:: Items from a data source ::
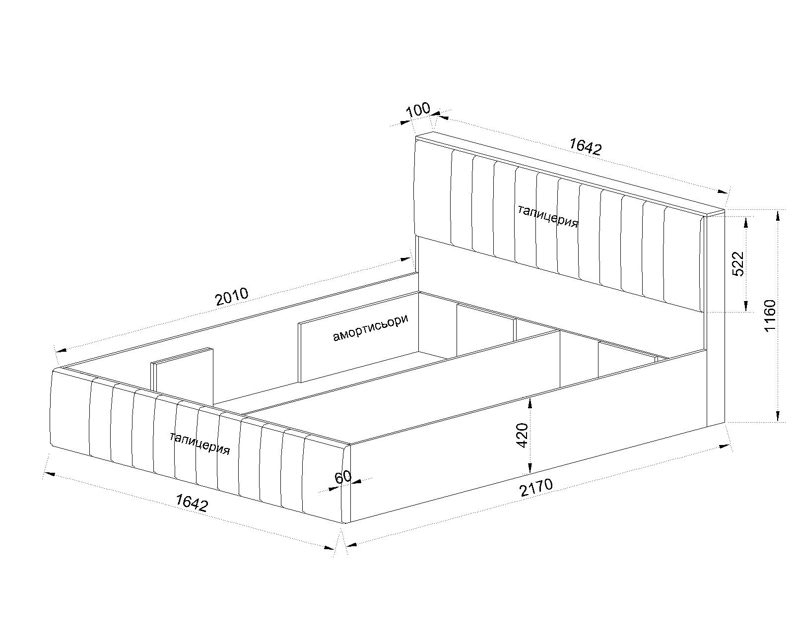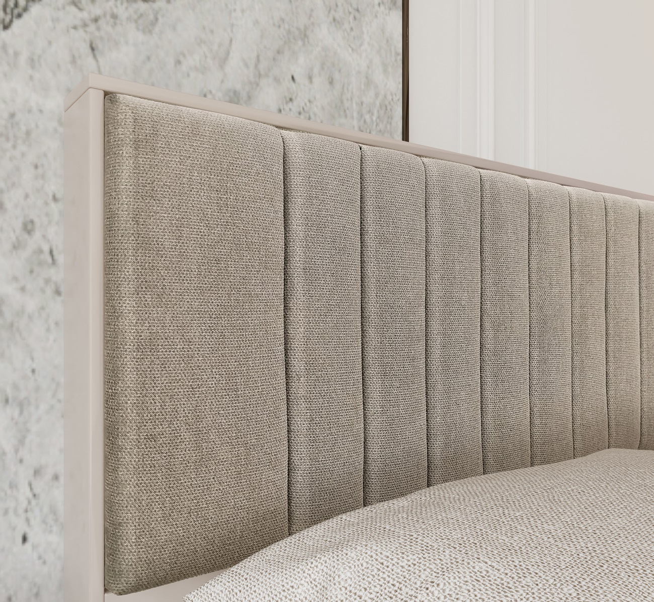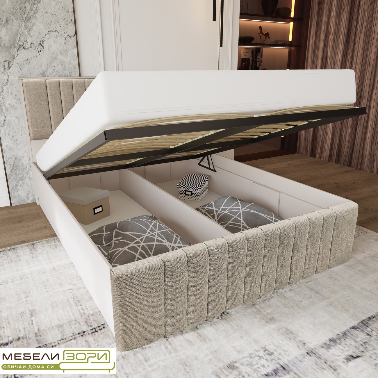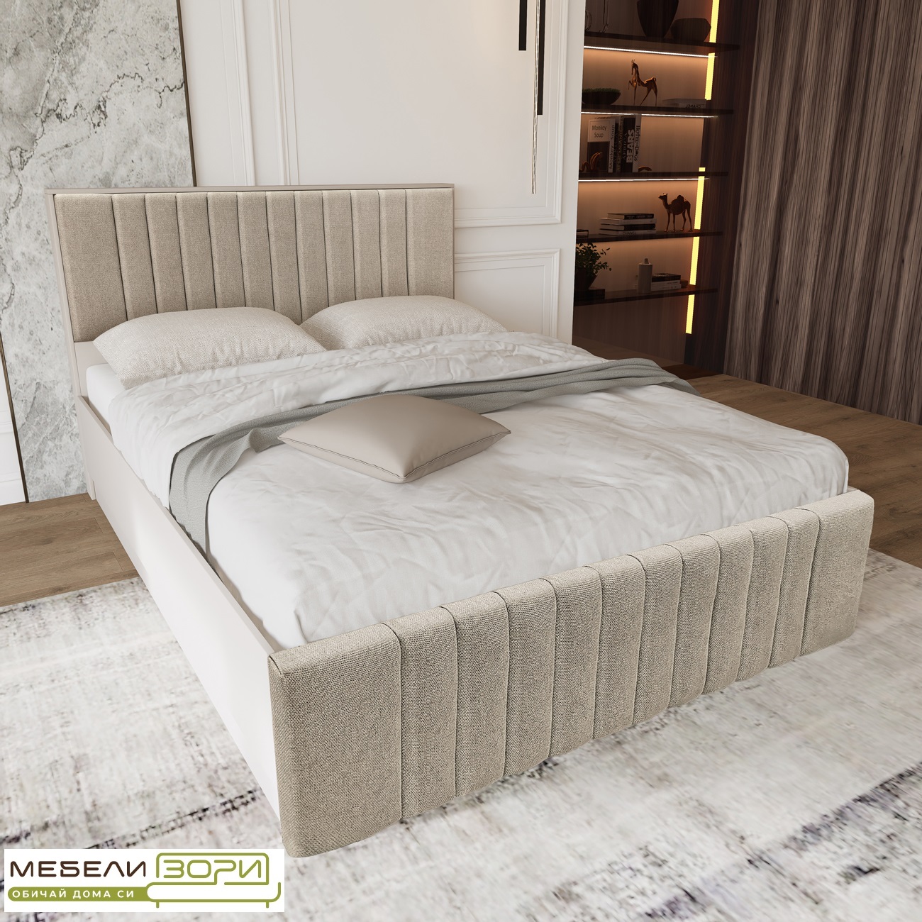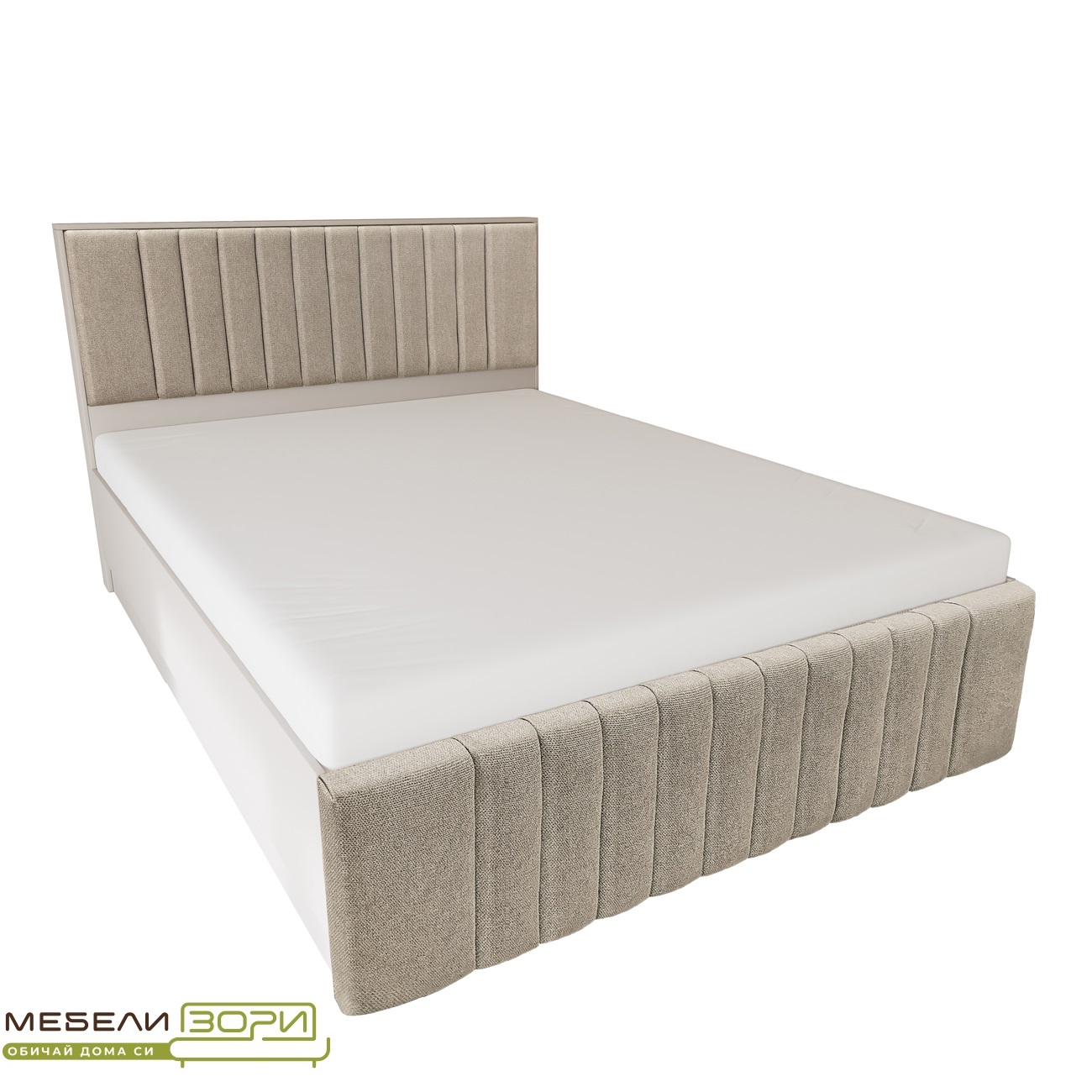 Спалня с тапицерия на двете табли. Изработена от ПДЧ с дебелина 16 мм в цвят кашмир и висококачествен плат в бежов цвят. Спалнята има включени повдигащи амортисьори и е подходяща за матрак с размери 160/200. Има възможност за еднолицев и двулицев матрак. Размер: 164,5/217/117 см.
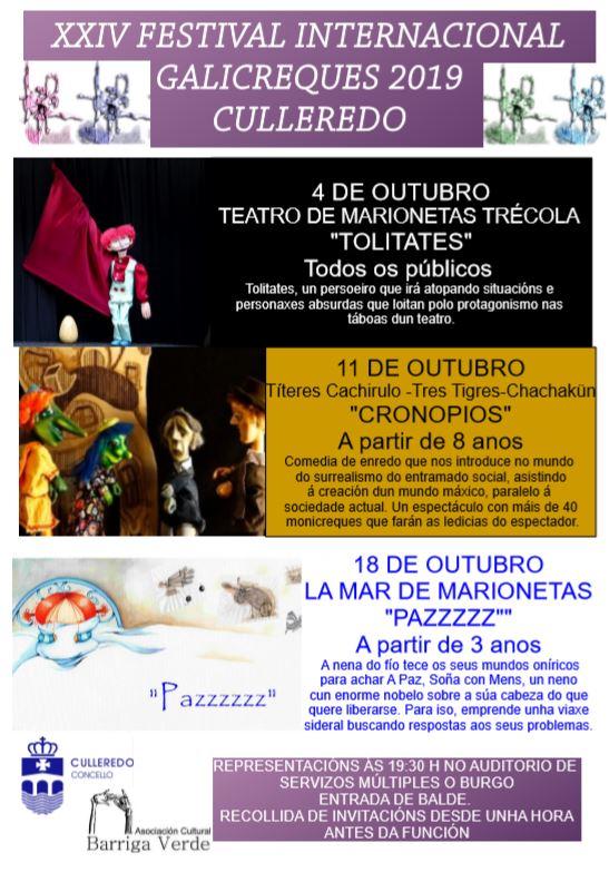 Chega a Culleredo o XXIV Festival Internacional de Galicreques 2019. E faino da man de tres espectáculos que terán lugar no Auditorio do Edificio de Servizos Múltiples do Burgo. 'Tolilates', de Teatro de Marionetas Trécola, o 4 de outubro. 'Cronopios', de Títeres Cachirulo-Tres Tigres- Chachakún, o día 11 de outubro. E 'Pazzz', de La Mar de Marionetas, o día 18 de outubro.
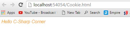 - Cookies.set('Message', 'Hello C-Sharp Corner')//set the cookie value
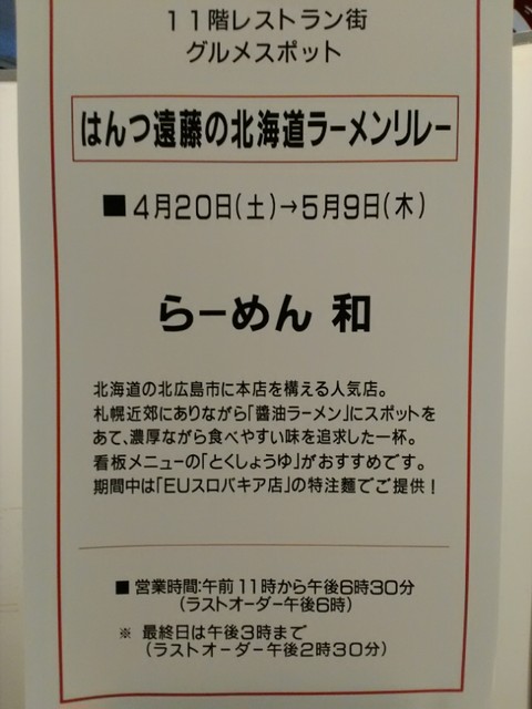 岐阜高島屋に到着!はんつ遠藤の北海道ラーメンリレーも早いもので第6弾。4月20日(土)〜5月9日(木)は北海道北広島市の「らーめん和」(かず)。札幌近郊にありながら「醤油ラーメン」にスポットをあて、濃厚ながら食べやすい味を追求した一杯。オススメは看板メニューでもある「とくしょうゆ」。「らーめん和」はヨーロッパのスロバキアにも店舗があり、西山製麺が直送しています。今回、その麺を使用。日本よりも厳しい審査をクリアしたEU仕様の麺だそう(これは僕もまだいただいてません)。スロバキアから戻ってきた、オーナーである林さん自らが期間中ずっと厨房に入るそうです。スープは北海道の本店で作って冷凍して直送。濃縮じゃないストレートスープです。
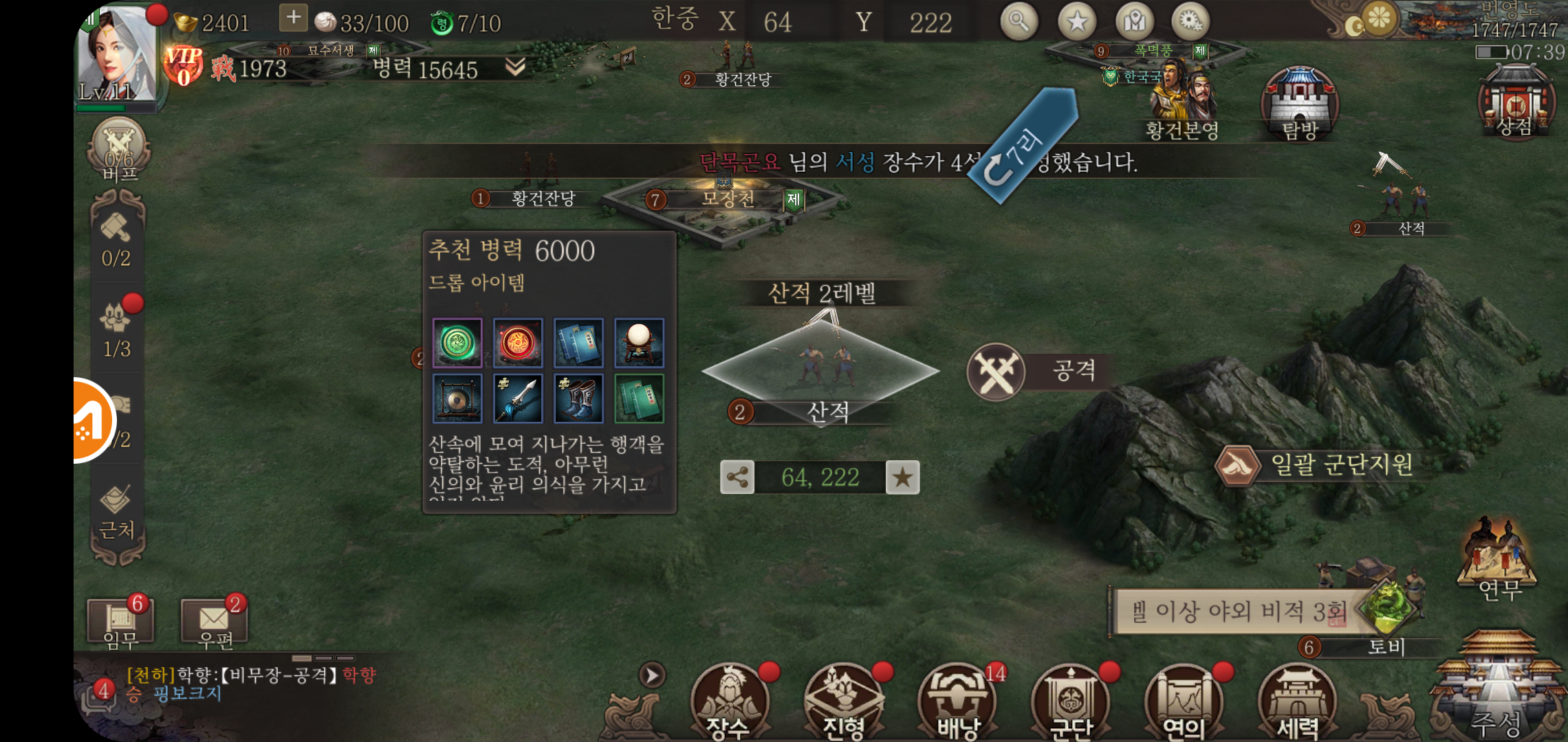 천하로 나아가면 주변에 위치한 산적이나 도적들을 상대하게 되는데요, 연무로 진행하는 전투와 달리 이동하는데 시간이 걸리고, 별다른 화면으로 넘어가지 않고 제자리에서 전투가 벌어지게 됩니다. 전투를 실행하기 전 획득할 수 있는 아이템과 전투력을 확인할 수 있어 현재 전투력에 맞는 선택이 가능합니다. 전투력으로 우위를 따져보고 전투를 진행해야 하는 건 이동에 걸리는 시간이 있기 때문인데요, 연무와 달리 전투에 걸리는 시간보다 이동시간이 배로 드는 만큼 이를 잘 활용해야 합니다.

:: YOUR ASSIGNMENT ::
Could you set down, exactly as written, every line from the one with "Chega a Culleredo" to the end of the data, both ends included? Leave out the pictures.

:: TASK OUTPUT ::
 Chega a Culleredo o XXIV Festival Internacional de Galicreques 2019. E faino da man de tres espectáculos que terán lugar no Auditorio do Edificio de Servizos Múltiples do Burgo. 'Tolilates', de Teatro de Marionetas Trécola, o 4 de outubro. 'Cronopios', de Títeres Cachirulo-Tres Tigres- Chachakún, o día 11 de outubro. E 'Pazzz', de La Mar de Marionetas, o día 18 de outubro.
 - Cookies.set('Message', 'Hello C-Sharp Corner')//set the cookie value
 岐阜高島屋に到着!はんつ遠藤の北海道ラーメンリレーも早いもので第6弾。4月20日(土)〜5月9日(木)は北海道北広島市の「らーめん和」(かず)。札幌近郊にありながら「醤油ラーメン」にスポットをあて、濃厚ながら食べやすい味を追求した一杯。オススメは看板メニューでもある「とくしょうゆ」。「らーめん和」はヨーロッパのスロバキアにも店舗があり、西山製麺が直送しています。今回、その麺を使用。日本よりも厳しい審査をクリアしたEU仕様の麺だそう(これは僕もまだいただいてません)。スロバキアから戻ってきた、オーナーである林さん自らが期間中ずっと厨房に入るそうです。スープは北海道の本店で作って冷凍して直送。濃縮じゃないストレートスープです。
 천하로 나아가면 주변에 위치한 산적이나 도적들을 상대하게 되는데요, 연무로 진행하는 전투와 달리 이동하는데 시간이 걸리고, 별다른 화면으로 넘어가지 않고 제자리에서 전투가 벌어지게 됩니다. 전투를 실행하기 전 획득할 수 있는 아이템과 전투력을 확인할 수 있어 현재 전투력에 맞는 선택이 가능합니다. 전투력으로 우위를 따져보고 전투를 진행해야 하는 건 이동에 걸리는 시간이 있기 때문인데요, 연무와 달리 전투에 걸리는 시간보다 이동시간이 배로 드는 만큼 이를 잘 활용해야 합니다.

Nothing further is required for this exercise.